Although the process is easy enough, it’s not a decision to be taken lightly. Students who choose to cancel their SAT’s will never have a way of knowing how well they actually did on the exam. The scores will never see the light of day—never. You can’t ask for a sneak peek or an off-the-record reading of how well you did.
For this reason, cancelling out of generalized frustration or a touch of paranoia probably isn’t a good idea. Students routinely underestimate their performance on standardized exams. In fact, it seems that those who are most confident sometimes are most disappointed.
So simply thinking things didn’t go too well shouldn’t be reason enough to go through the cancellation process.
Also with the College Board’s Score Choice program, most—not all—colleges give you the right to report scores from test dates you select.
Unfortunately, if Georgetown, Penn, Yale, Stanford, or Carnegie Mellon (among others) are at the top of your list, you know Score Choice will not be an option—all scores will have to be reported. And this could be a factor in your decision.
Otherwise, it’s probably pointless to waste all that preparation and the anxiety leading up to test day by cancelling your SAT.
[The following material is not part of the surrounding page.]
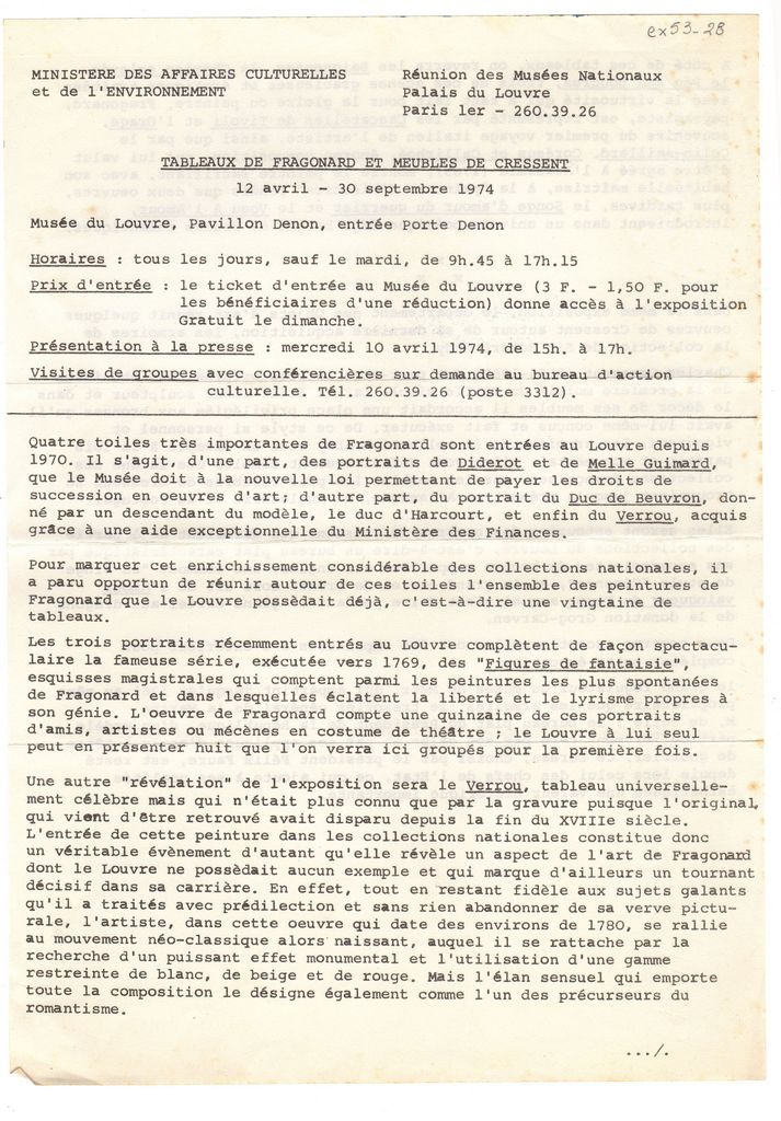 Κείμενο, δακτυλόγραφο, σε χαρτί, δύο όψεις, 29,5×21,0 εκ. Δελτίο τύπου για την θεματικής έκθεσης με πίνακες ζωγραφικής του Jean-Honoré Fragonard και έπιπλα του γλύπτη και επιπλοποιού Charles Cressent που πραγματοποιήθηκε στο Παρίσι το 1974.

But if you ultimately decide to cancel SAT scores, here is how it works:
At the Test Center
If you realize immediately after you’ve taken the test that your SAT is not going to be optimal because you missed a bubble and threw your answers out of alignment on one section, or you experienced an equipment malfunction affecting your ability to do well on math or you fell asleep, you can cancel your scores before leaving the test center.
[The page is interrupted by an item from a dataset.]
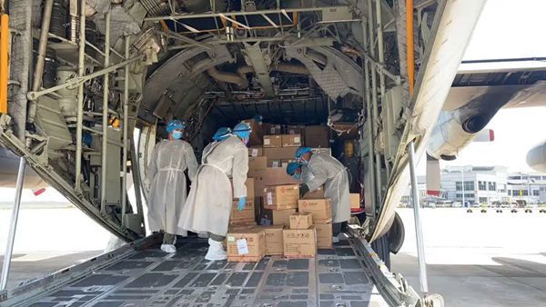 5月19日,由zoty中欧物副总经理喻霞林、范旭带队的7人技术服务小组,携新冠病毒核酸检测试剂、仪器等抗疫物资乘国外政府派出的军机正式启程,奔赴东南亚国家,驰援全球抗疫,贡献zoty中欧力量。

- First, ask the test supervisor for a “Request to Cancel Test Scores” form
- Next, complete the form and sign it on the spot
- Finally, give the form to the test supervisor before leaving the Test Center
Note that if equipment fails during a Language Test with Listening or during a Math Level 1 or 2 test, a student can request to cancel just the scores on the affected test, and still have the other Subject Tests scored by checking off “Single Subject Test Equipment Failure” on the cancellation form.
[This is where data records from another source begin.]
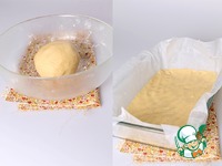 ... и замесим тесто. Возьмем форму (у меня 13х22), застелем пекарской бумагой, аккуратно выложим тесто и отправим форму в холодильник на 30 минут. А в это время разогреем духовку до 180 градусов. |
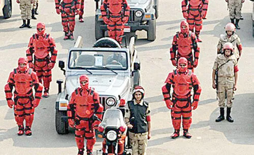 صورة وزعتها القوات المسلحة المصرية لجنود يرتدون ملابس حمراء ستكون مهمتهم تأمين الاستفتاء على الدستور الجديد خلال يومي 14 و 15 الحالي (إ.ب.أ)
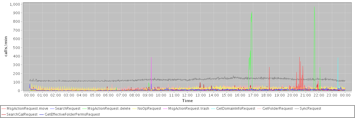 max(MsgActionRequest.move) = 390.00 max(SearchRequest) = 80.00 max(MsgActionRequest.delete) = 973.00 max(NoOpRequest) = 82.00 max(MsgActionRequest.trash) = 387.00 max(GetDomainInfoRequest) = 383.00 max(GetFolderRequest) = 79.00 max(SyncRequest) = 175.00 max(SearchGalRequest) = 95.00 max(GetEffectiveFolderPermsRequest) = 54.00

After Leaving the Test Center
If the desire to cancel the test hits after you’ve left the Test Center, there’s still time to act, but you must act very quickly. The College Board must receive your score cancellation request in writing no later than 11:59 p.m. (Eastern Time) on the Wednesday after you took the test. You will need to download and print the “Request to Cancel SAT Scores” from the College Board website. Then, you’ll need to complete, sign, and either FAX or overnight it as follows:
- FAX: (610) 290-8978
- Overnight via U.S. Postal Service Express Mail (U.S. only) to SAT Score Cancellation, P.O. Box 6228, Princeton NJ 08541-6228
- Other overnight mail service or courier (U.S. or international) to SAT Score Cancellation, 1425 Lower Ferry Road, Ewing NJ 08618 USA
In absence of the form, students may write a separate request by providing test date, test center number, name of test(s) being cancelled—either SAT Subject Tests or SAT—as well as name, address, sex, birth date and registration number. All requests must be signed or the cancellation will not be processed.
Note that the ACT has a somewhat different process. If you chose to send your score report directly to colleges, but then have a totally terrible test-taking day, you have several days to cancel your score report. To do this call ACT at (319) 337-1270 before noon Central Time, on the Thursday immediately following your test date to cancel your report. If, later in the process, you would like the ACT to delete scores for a particular date from their records, you must make the request in writing. Provide name and home address, and the ACT will mail a form to complete and return as instructed.
For the record, neither my son nor the other student elected to cancel their scores. And both did just fine.